Exercise: Take the line with "受動喫煙によって吸い込む煙に" as the first and the last line of the data as the end. Write out both and every line between exactly, except pictures.

Records from a dataset:
=-=-=
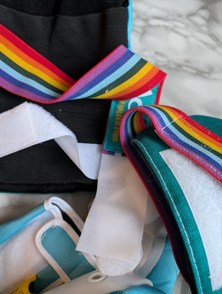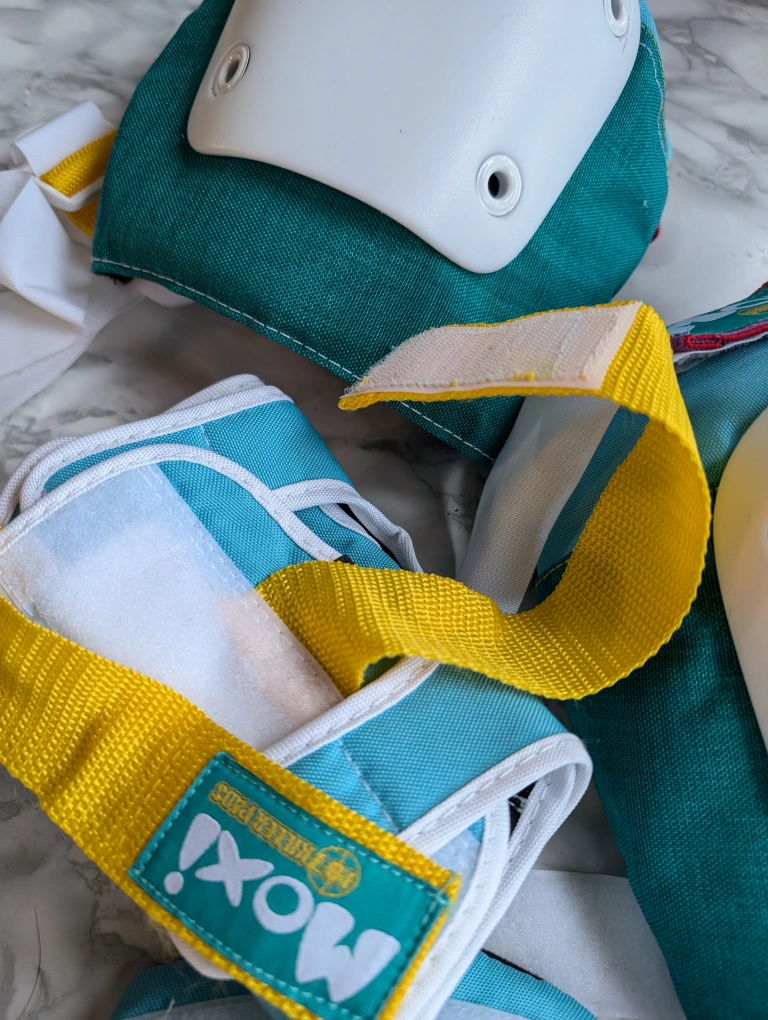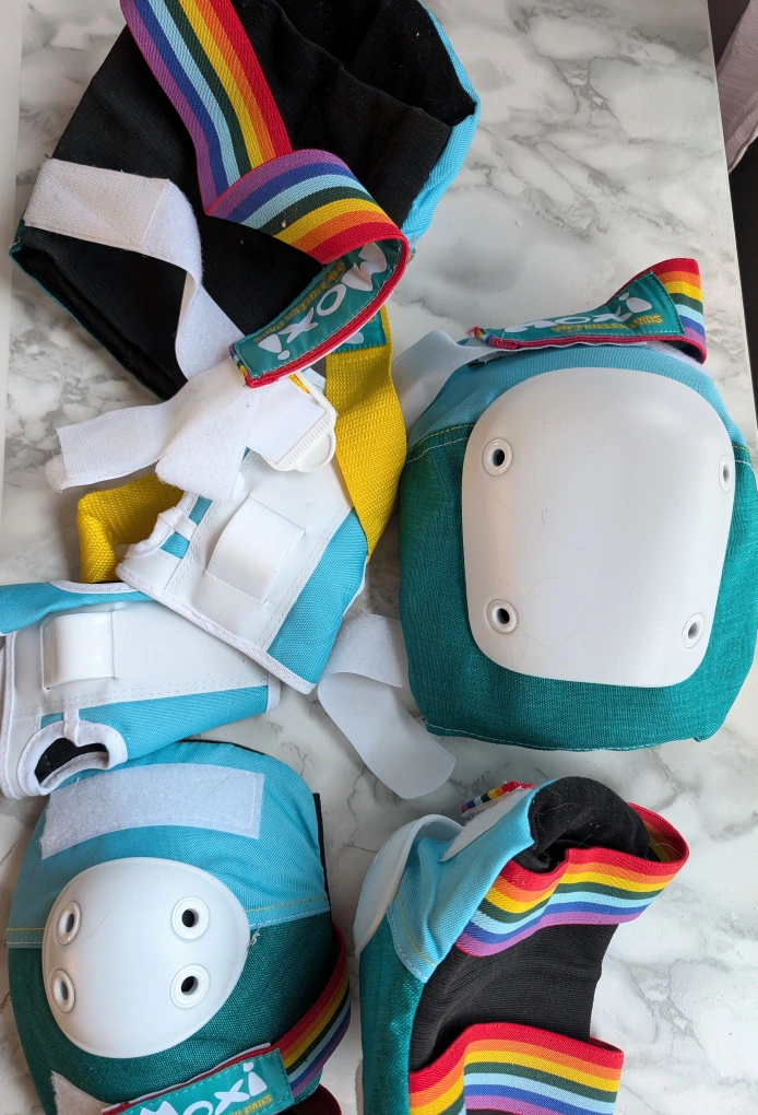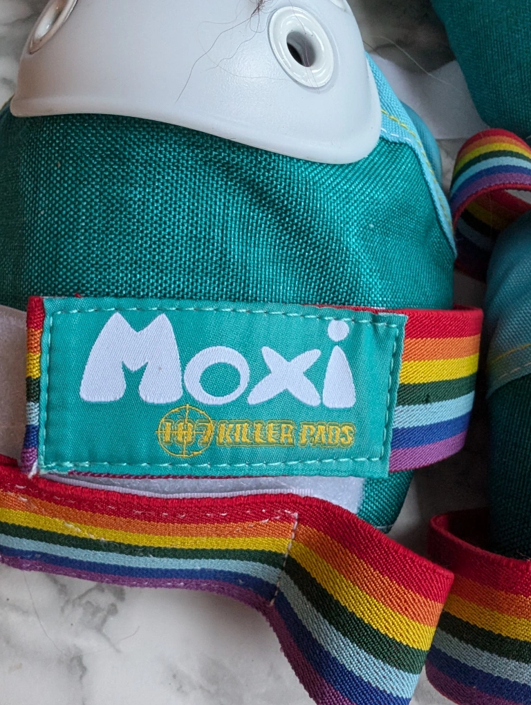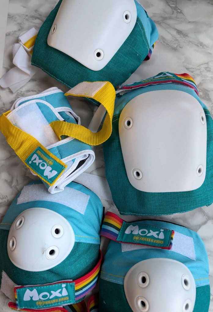 157Complete set of Moxi Killer Pads size XXL Includes elbow and knee pads. Teal and rainbow coloured straps. Great for roller skating. Knee pads, elbow pads, wrist Excellent condition Can meet if not too far
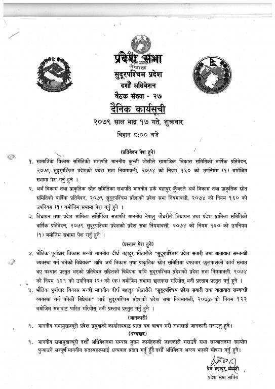 सुदूरपश्चिम प्रदेश, प्रदेश सभा सचिवालय.
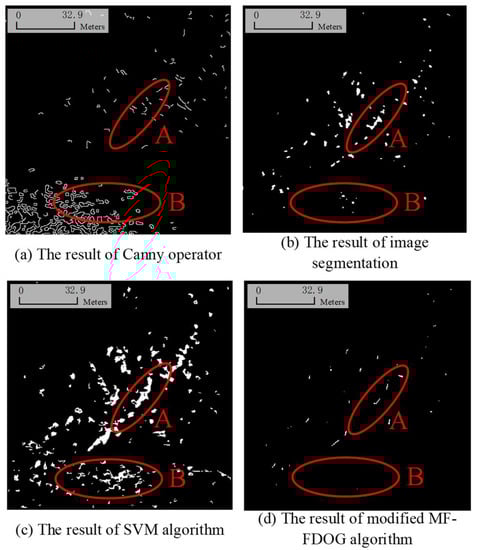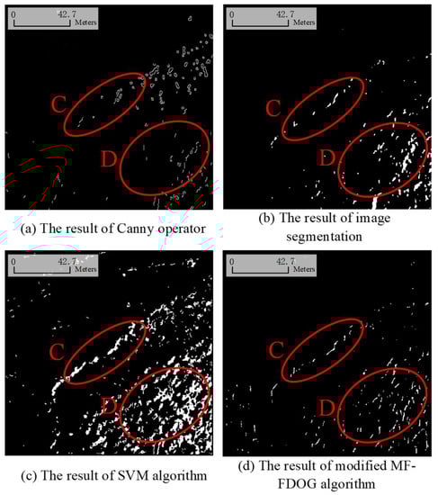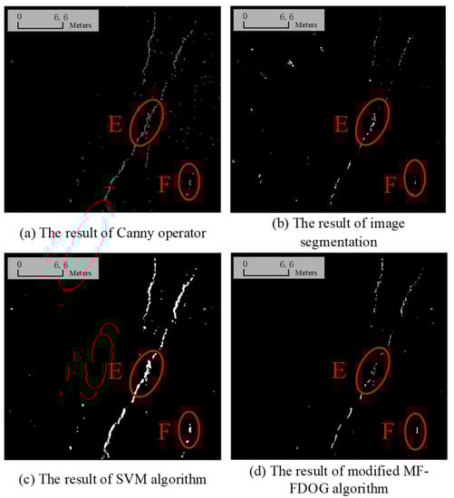 Ground fissures can be extracted by the Canny algorithm in the form of edges, which cannot be compared with the SVM algorithm, grayscale threshold algorithm, or modified MF-FDOG algorithm. Therefore, we compared and analyzed the latter three algorithms. The overall accuracy [] is calculated using Equation (15), and results are shown in Table 6:
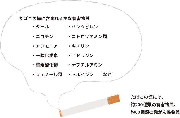 受動喫煙によって吸い込む煙には、喫煙者が直接吸い込む主流煙よりも多くの有害物質が含まれていることがあります。特に、換気の悪い空間での受動喫煙は、リスクをさらに高めるため、注意が必要です。
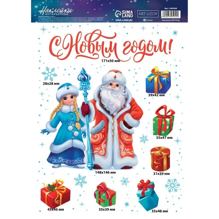 Наклейки интерьерные новогодние «С Новым годом», 21 х 29,7 см — Характеристики
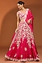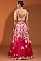 Featuring a red lehenga in organza base with pearl work. It is paired with a spun silk blouse and a dupatta. Accentuate with statement jewellery and heels for a wedding, sangeet or engagement ceremony.
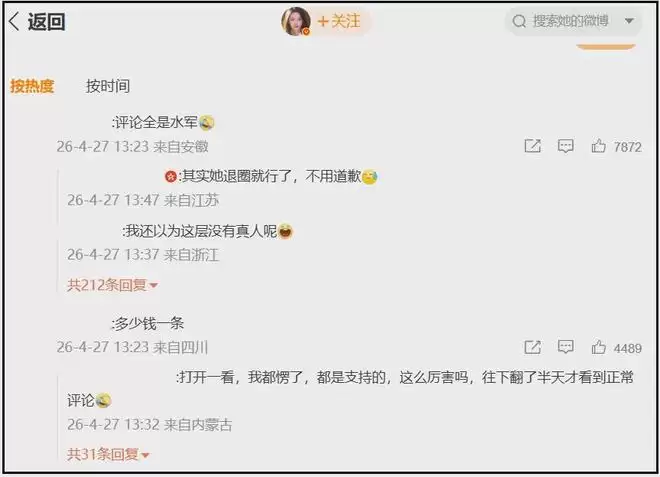 目前,黄杨钿甜的社交媒体评论区已然“沦陷”。前排的热门评论几乎清一色在质疑她“找水军洗白”。很明显,这次回应翻车了——网友并不买账这份迟到的解释,甚至有人直接留言,喊话让她“退圈”。
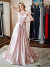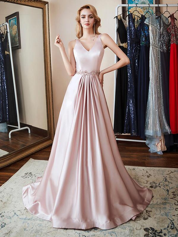 Simple A-line Pink Straps V-neck Long Party Prom Dresses Online,Dance Dresses,12367
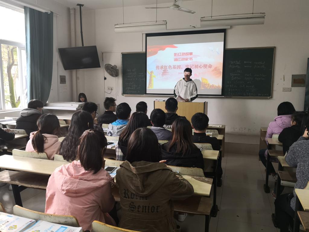 为传承红色基因、铭记革命先烈、传递家国情怀,awc777万象城娱乐官网计应5.6班于11月22日开展了“听红色故事,诵红色家书”主题班会。此次活动由辅导员熊家发主持,廖佳伟同学主讲。
=-=-=
Answer box:
 受動喫煙によって吸い込む煙には、喫煙者が直接吸い込む主流煙よりも多くの有害物質が含まれていることがあります。特に、換気の悪い空間での受動喫煙は、リスクをさらに高めるため、注意が必要です。
 Наклейки интерьерные новогодние «С Новым годом», 21 х 29,7 см — Характеристики
 Featuring a red lehenga in organza base with pearl work. It is paired with a spun silk blouse and a dupatta. Accentuate with statement jewellery and heels for a wedding, sangeet or engagement ceremony.
 目前,黄杨钿甜的社交媒体评论区已然“沦陷”。前排的热门评论几乎清一色在质疑她“找水军洗白”。很明显,这次回应翻车了——网友并不买账这份迟到的解释,甚至有人直接留言,喊话让她“退圈”。
 Simple A-line Pink Straps V-neck Long Party Prom Dresses Online,Dance Dresses,12367
 为传承红色基因、铭记革命先烈、传递家国情怀,awc777万象城娱乐官网计应5.6班于11月22日开展了“听红色故事,诵红色家书”主题班会。此次活动由辅导员熊家发主持,廖佳伟同学主讲。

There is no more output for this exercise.